In summary, low scores for quality of life were observed among patients suffering from SCIs. Sociodemographic factors and directly related injury factors had certain influences on patients’ quality of life and there is a covariate relationship among the three indices. The disability outcome during clinical treatment should be noticed and treated effectively in the recovery process. Findings from our research can be used as specific evidence for decision-makers to adjust the health policies and healthcare strategies among people having SCIs. Likewise, these results can be used as reference figures for health departments to evaluate the difference in quality of life between SCI patients and other groups of population in Vietnam.

Author Contributions

Conceptualization, N.L.B.T., and P.L.T.; Data curation, V.V.T., N.T.T., K.T.H.H., P.G.A., D.T.N.M., and L.T.M.H.; Formal analysis, N.L.B.T., V.V.T., K.T.H.H., N.T.T., and L.T.M.H.; Funding acquisition, N.L.B.T., P.G.A., and V.V.T.; Investigation D.T.N.M., V.V.T., K.T.H.H., P.G.A., and L.T.M.H.; Methodology, P.L.T., V.V.T., and N.L.B.T.; Project administration, V.V.T., D.T.N.M., P.G.A., and K.T.H.H.; Resources, N.L.B.T., and V.V.T., N.T.T.; Software, P.L.T., and V.V.T.; Supervision, N.L.B.T., and P.L.T.; Validation, V.V.T., K.T.H.H., P.G.A., N.T.T.; Visualization, K.T.H.H., D.T.N.M., and L.T.M.H.; Writing—original draft, K.T.H.H., and P.L.T.; Writing—review and editing, N.L.B.T., V.V.T., D.T.N.M., K.T.H.H., L.T.M.H., P.G.A., N.T.T., and P.L.T. All authors have read and agreed to the published version of the manuscript.

Funding

This research received no external funding.

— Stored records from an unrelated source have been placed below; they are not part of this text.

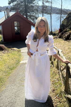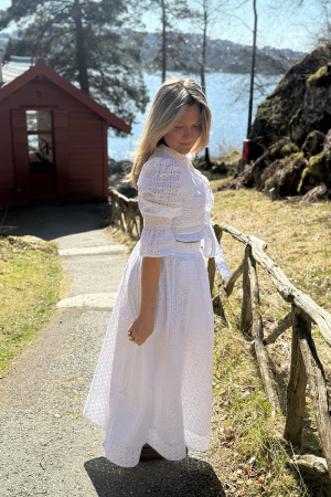 Maxikjole fra Dea Kudibal. Denne kjolen har volumiøse ermer og et utsvingt, lagdelt skjørt. Kan strammes i livet ned et
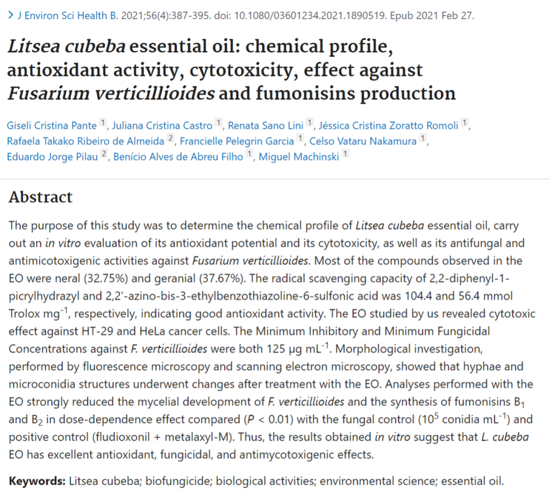 - Pante GC, et al. Litsea cubeba essential oil: chemical profile, antioxidant activity, cytotoxicity, effect against Fusarium verticillioides and fumonisins production. J Environ Sci Health B. 2021;
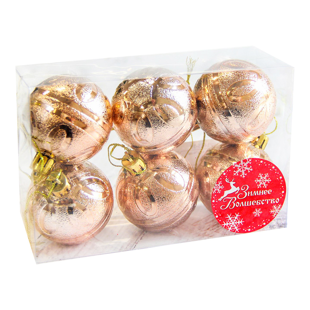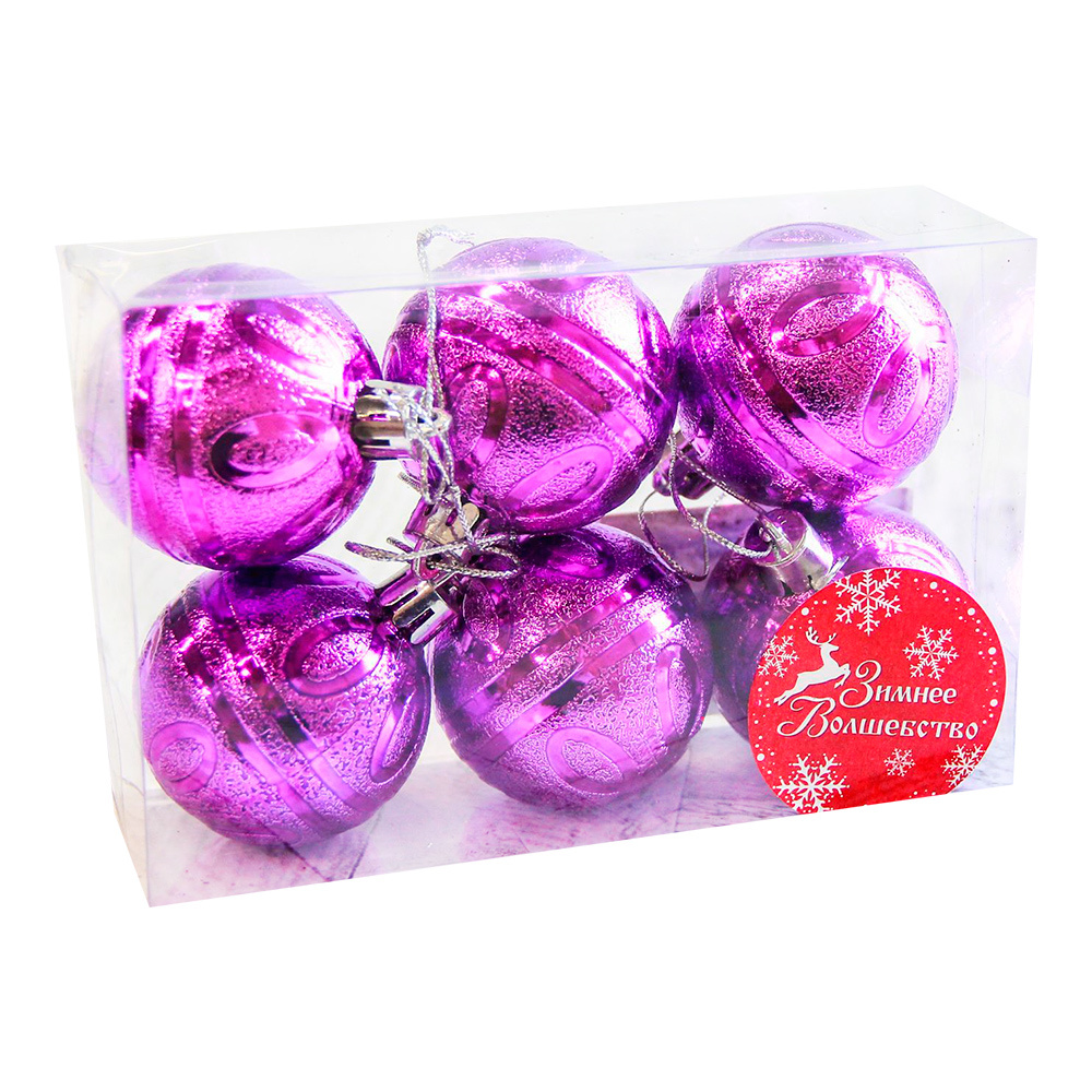 Набор новогодних шаров 2178147 Флёр 5см, пластик, розовый, 6 шт

Institutional Review Board Statement

The study was conducted according to the guidelines of the Declaration of Helsinki. The study protocol was approved by the Director Broad of Viet Duc Hospital (Code: 15.2018.NCVD).

Informed Consent Statement

Informed consent was obtained from all subjects involved in the study.

Data Availability Statement

The data that support the findings of this study are available from the corresponding author upon reasonable request.

Conflicts of Interest

The authors declare no conflict of interest.